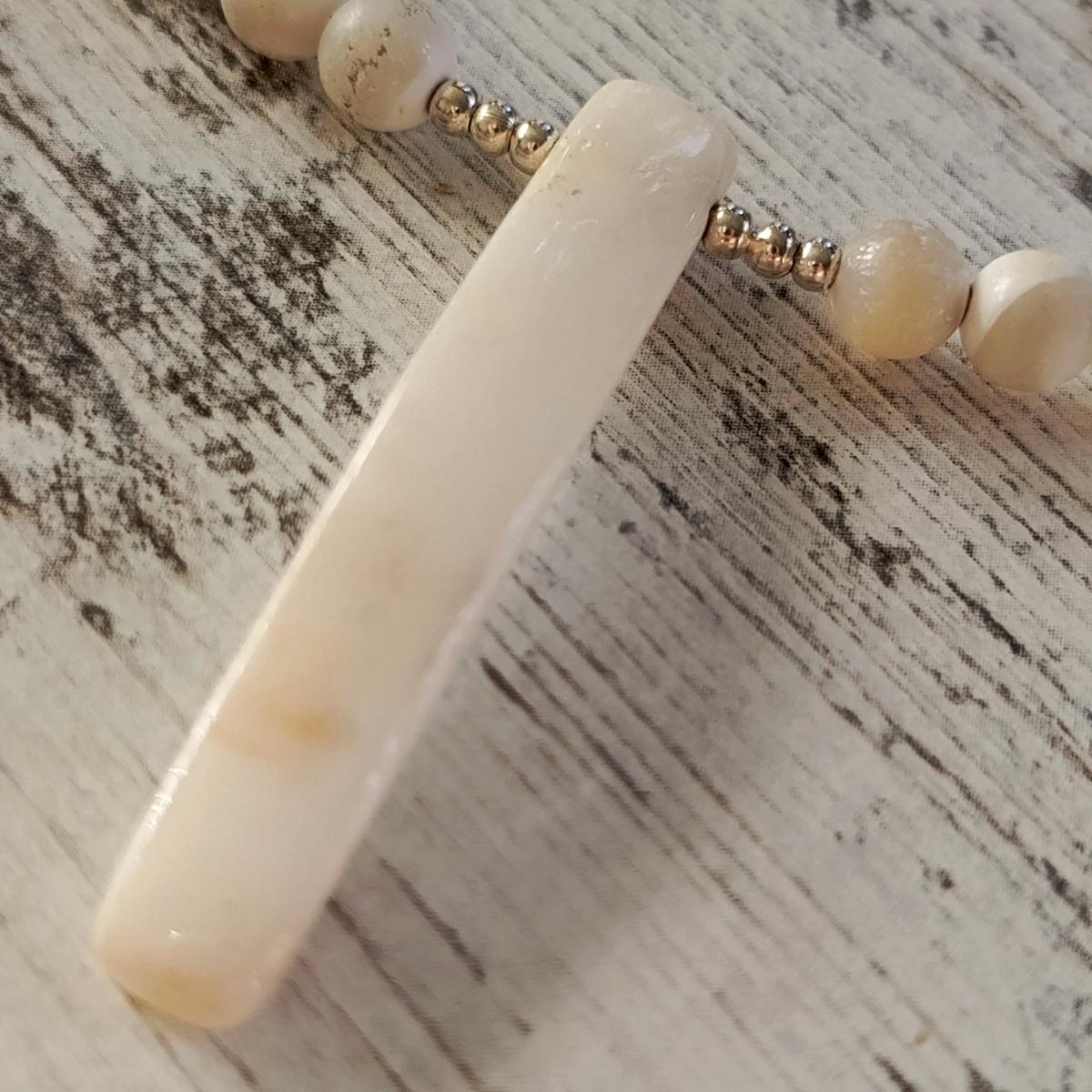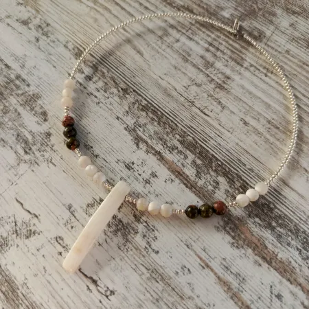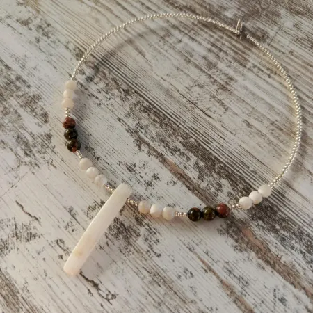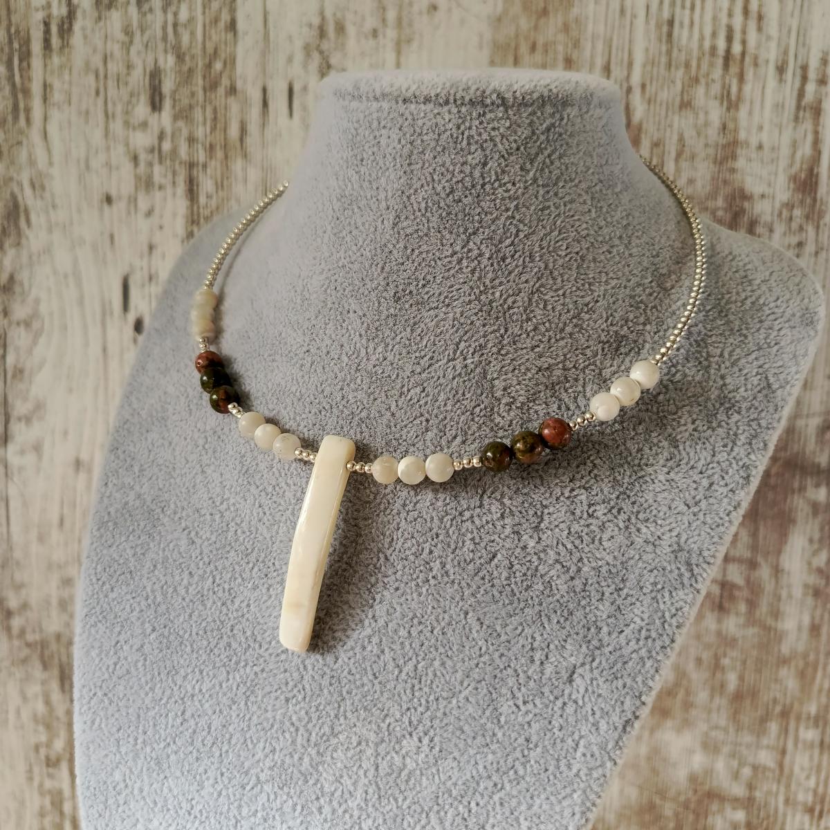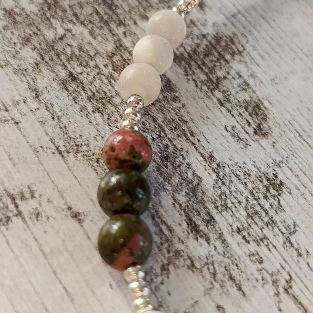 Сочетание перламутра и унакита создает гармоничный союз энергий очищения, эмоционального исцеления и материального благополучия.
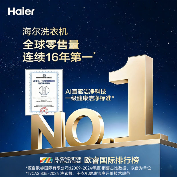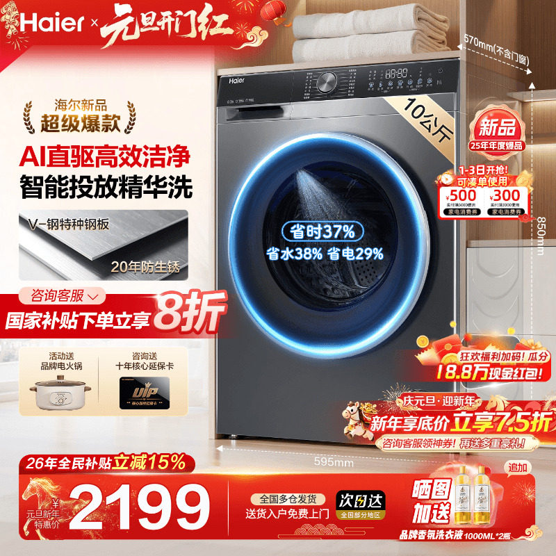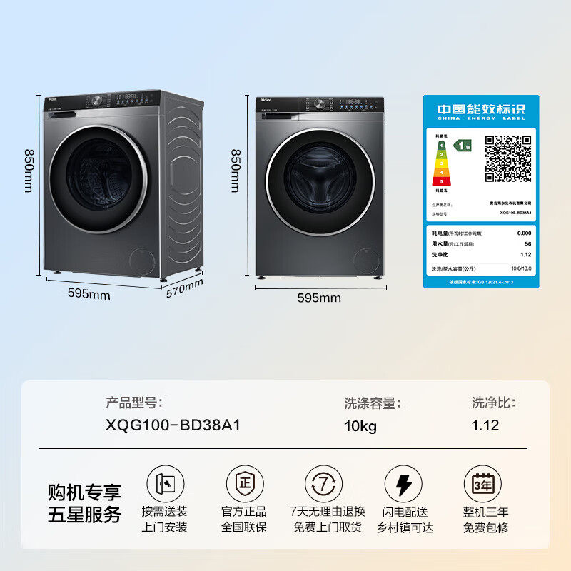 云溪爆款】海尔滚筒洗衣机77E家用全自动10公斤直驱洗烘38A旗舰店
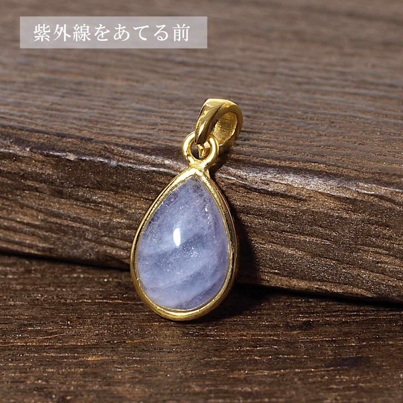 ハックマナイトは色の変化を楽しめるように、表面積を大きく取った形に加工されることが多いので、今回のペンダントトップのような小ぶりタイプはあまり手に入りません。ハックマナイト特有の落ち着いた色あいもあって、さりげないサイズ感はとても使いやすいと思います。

:::

▸ WHAT TO DO
Print the material again, unchanged, without its pictures.

▸ RESULT
 Сочетание перламутра и унакита создает гармоничный союз энергий очищения, эмоционального исцеления и материального благополучия.
 云溪爆款】海尔滚筒洗衣机77E家用全自动10公斤直驱洗烘38A旗舰店
 ハックマナイトは色の変化を楽しめるように、表面積を大きく取った形に加工されることが多いので、今回のペンダントトップのような小ぶりタイプはあまり手に入りません。ハックマナイト特有の落ち着いた色あいもあって、さりげないサイズ感はとても使いやすいと思います。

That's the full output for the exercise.